The World Golf Hall of Fame is located at World Golf Village near St. Augustine, Florida, in the United States, and it is unusual among sports halls of fame in that a single site honors both men and women. It is supported by a consortium of 26 golf organizations from all over the world.

The Hall of Fame Museum Building was designed by the specialist museum architecture firm E. Verner Johnson and Associates of Boston.  They also produced the museum master plan that established the size, mission and qualities of the museum and the surrounding facilities and site.

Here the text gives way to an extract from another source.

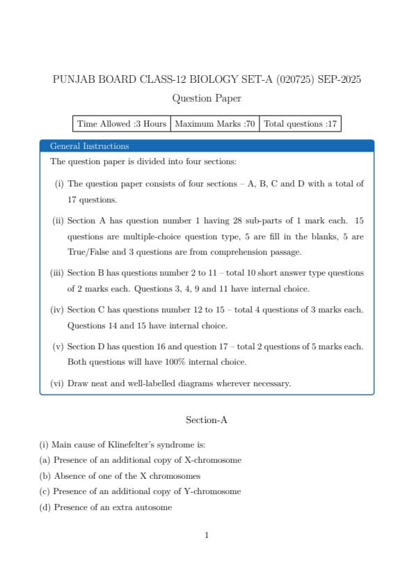 | PSEB Class 12 Biology 2025 Question Paper with Solutions PDF(Set A) | Download PDF | Check Solutions |

The Hall of Fame Museum features a permanent exhibition and a rolling program of temporary exhibitions. Designed by museum design firm Ralph Appelbaum Associates, the Hall of Fame and exhibition area contains exhibits on the game's history, heritage, and techniques; major players and organizations; golf course design, equipment, and dress.

History
The World Golf Hall of Fame was originally located in Pinehurst, North Carolina, and was privately operated by Diamondhead Corp., then owners of the Pinehurst Resort. It opened in September 1974 with an initial class of 13 members. Initially it was a local project, but the PGA of America took over management in 1983 and acquired full ownership in 1986.

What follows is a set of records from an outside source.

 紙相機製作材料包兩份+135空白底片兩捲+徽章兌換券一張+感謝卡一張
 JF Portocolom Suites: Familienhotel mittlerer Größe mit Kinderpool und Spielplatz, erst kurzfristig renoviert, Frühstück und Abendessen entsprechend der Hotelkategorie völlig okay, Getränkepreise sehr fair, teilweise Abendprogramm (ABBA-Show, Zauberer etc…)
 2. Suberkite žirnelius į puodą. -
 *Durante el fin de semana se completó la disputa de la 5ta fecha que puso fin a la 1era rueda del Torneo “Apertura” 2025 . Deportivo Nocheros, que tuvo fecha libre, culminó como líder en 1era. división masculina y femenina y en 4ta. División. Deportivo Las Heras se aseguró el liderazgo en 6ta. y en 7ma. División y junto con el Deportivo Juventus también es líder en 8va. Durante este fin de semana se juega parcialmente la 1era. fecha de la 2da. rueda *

Two other halls of fame have been merged into the World Golf Hall of Fame. The PGA of America established one in 1940, which was merged into the Pinehurst Hall in the 1980s. The Hall of Fame of Women's Golf was established by the LPGA in 1951, with four charter members:  Patty Berg, Betty Jameson, Louise Suggs, and Babe Zaharias. It was inactive for some years, but in 1967 it moved into its first physical premises, which were in Augusta, Georgia and was renamed the LPGA Tour Hall of Fame. In 1998 it merged into the World Golf Hall of Fame.

In 1994 the global golf industry established a non-profit making body called the World Golf Foundation to promote the sport, with the creation of an enhanced Hall of Fame as one of its main objectives. Construction at the new site in St. Johns County, Florida began in 1996 and the new facility opened on May 19, 1998.

Membership categories

In October 2013, the Hall announced that it was reviewing its selection process and that there would be no induction ceremony in 2014. A new process was announced in March 2014.

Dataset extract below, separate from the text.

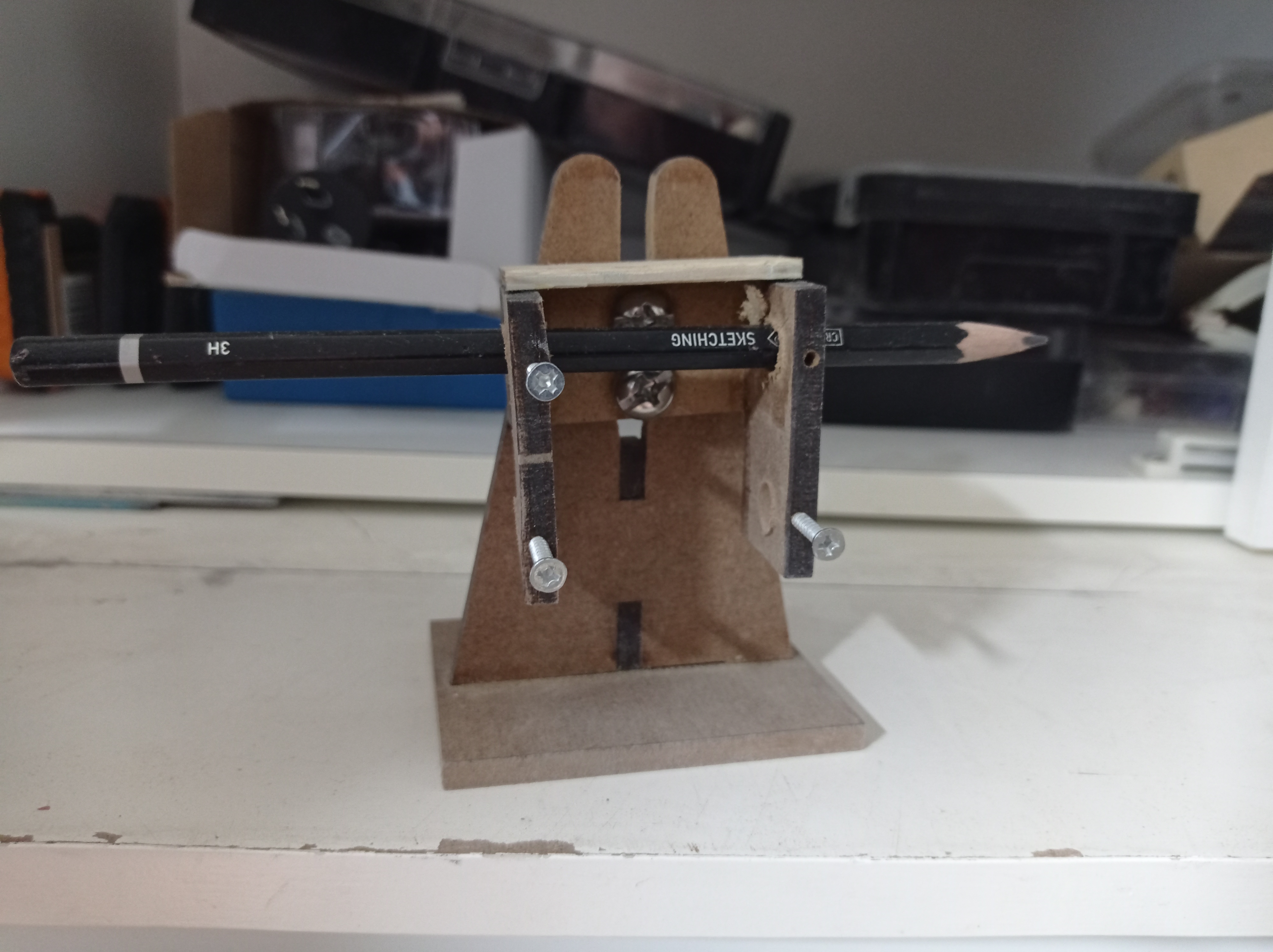 Добрый день! Собственно, вам уже ответили на ваш вопрос. Самое простое в изготовлении устройство предложил Oldman. Если вы не хотите ничего изготавливать, просто воспользуйтесь какой-либо подставкой, позволяющей расположить карандаш на нужной высоте. Очень часто советуют использовать блок листов для записей - удаляя или прибавляя листы, удобно регулировать высоту карандаша.

Starting in 2014, members were inducted into the Hall of Fame in one of four categories: Male Competitor, Female Competitor, Veterans, and Lifetime Achievement categories. Elections are held every other year with induction ceremonies in odd number years beginning in 2015. The process has changed from that used from 1996 to 2013. The minimum qualifications for male and female competitors are: minimum of 40 years old, or five years removed from "active competition" and 15 or more wins on "approved tours" or two "major wins". The veterans category is primarily for those golfers whose careers ended before 1980 and includes both amateurs and professionals. The lifetime achievement category remains from the old system.

The Hall again revised the criteria in 2020 and now recognize two categories: Competitor and Contributor. 

A 20-member selection sub-committee will choose from among the eligible candidates and select ballots for a selection committee. There will be five names each on the male and female ballots and three names each on the veterans and lifetime achievement ballots. A separate 16-member selection committee will then vote on all four ballots. Election to the Hall of Fame will require 75% of the vote and each year's election class is limited to two from each ballot and five total.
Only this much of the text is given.